In December 2007, the United States entered into the longest recession it’s been in since World War II. Because the economic downturn was so severe, the recovery since the end of the Great Recession in June 2009 has been slow, according to the Federal Reserve Bank of New York. In fact, a 2018 study found that many Americans are still rattled from the Great Recession.
But how is the nation as a whole doing now compared with where it was over a decade ago? GOBankingRates looked at economic trends to find out how well our nation has recovered and how the U.S. has changed since the Great Recession.
Unemployment Has Dropped Dramatically
The highest the unemployment rate climbed during the Great Recession was 9.5 percent, according to the Bureau of Labor Statistics. However, the percentage of unemployed workers continued to climb even after the end of the recession. The unemployment rate hit a high of 10 percent in October 2009 and didn’t fall below 9 percent until October 2011.
Now, unemployment in the U.S. is the lowest it’s been since 2000. As of August 2018, the national unemployment rate was 3.9 percent.
Labor Force Participation Has Declined
Although the unemployment rate has dropped dramatically since the Great Recession, the percentage of Americans in the labor force has fallen. In December 2007, 66 percent of people 16 and older were employed or looking for work, according to the BLS. As of August 2018, the labor force participation rate was 62.7 percent.

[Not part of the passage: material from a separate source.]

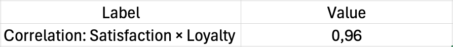 Una correlación significativa entre satisfacción y lealtad no prueba que la satisfacción causa lealtad. La relación podría ser inversa (la lealtad causa satisfacción) o ambas podrían ser causadas por una tercera variable. Solo los diseños experimentales con asignación aleatoria pueden establecer causalidad.

Part of the decline in the labor force can be attributed to baby boomers who have retired, according to the Pew Research Center. But there also are Americans who’ve given up on being able to find a job and have dropped out of the workforce.
Home Values Have Recovered
The housing market was hit hard by the recession. For the most part, though, home values in the U.S. have recovered — especially in certain states.
As the U.S. was coming out of the Great Recession in June 2009, the median home value was $166,800, according to Zillow. However, home values continued to drop, hitting $149,500 in October 2011. They started to climb again in June 2012, and now the median home value in the U.S. is $218,000, as of August 2018.
But Not All Housing Markets Have Recovered
Although home values have increased nationwide since the recession, the recovery varies greatly from state to state.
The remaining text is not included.